Le complexe mTORC2 est moins bien décrit que le complexe mTORC1, en particulier son mode d’activation qui pourrait notamment faire intervenir la PI3K en réponse aux facteurs de croissance (Laplante and Sabatini, 2012) ou encore le complexe TSC1/TSC2 en aval d’Akt (Xie and Proud, 2014).
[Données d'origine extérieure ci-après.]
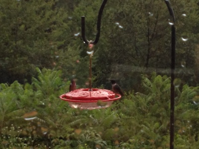 It’s finally spring in the Adirondacks. We have had plenty of April showers, in fact it has rained all May. The grass needed mowing and the birds are going wild. There are all sorts of feathered visitors at our feeders. Not so much the bird bath but maybe they are waiting for summer warmth. We have at least three ruby throated hummingbirds drinking our homebrew nectar (4:1 water to sugar). This morning, we saw a male perform a courtship dance, flying in a vertical arc, like a “U”, back and forth, over and over again. Then the female came to the feeder and drank primly. I’m not sure if he won her over. Here’s the male stoking up.

Rictor (rapamycin-insensitive companion of mTOR), mSIN1 (mammalian stress-activated map kinase-interacting protein 1) et Protor1/2 (protein observed with rictor 1 and 2) sont des protéines spécifiques du complexe mTORC2 (Figure 35). Par ailleurs, le complexe FKBP12-rapamycine est incapable de se lier à mTORC2, il est donc défini comme insensible à la rapamycine (Laplante and Sabatini, 2012).

mTORC2 phosphoryle Akt sur son site Ser473, permettant à cette dernière d’acquérir une activation maximale. Ce complexe intervient également dans le contrôle de plusieurs kinases comme la PKC qui joue un rôle dans la morphologie en affectant l’organisation du cytosquelette d’actine, et SGK1 (serum- and glucocorticoid-induced protein kinase 1), kinase impliquée dans le transport des ions et la croissance (Laplante and Sabatini, 2012).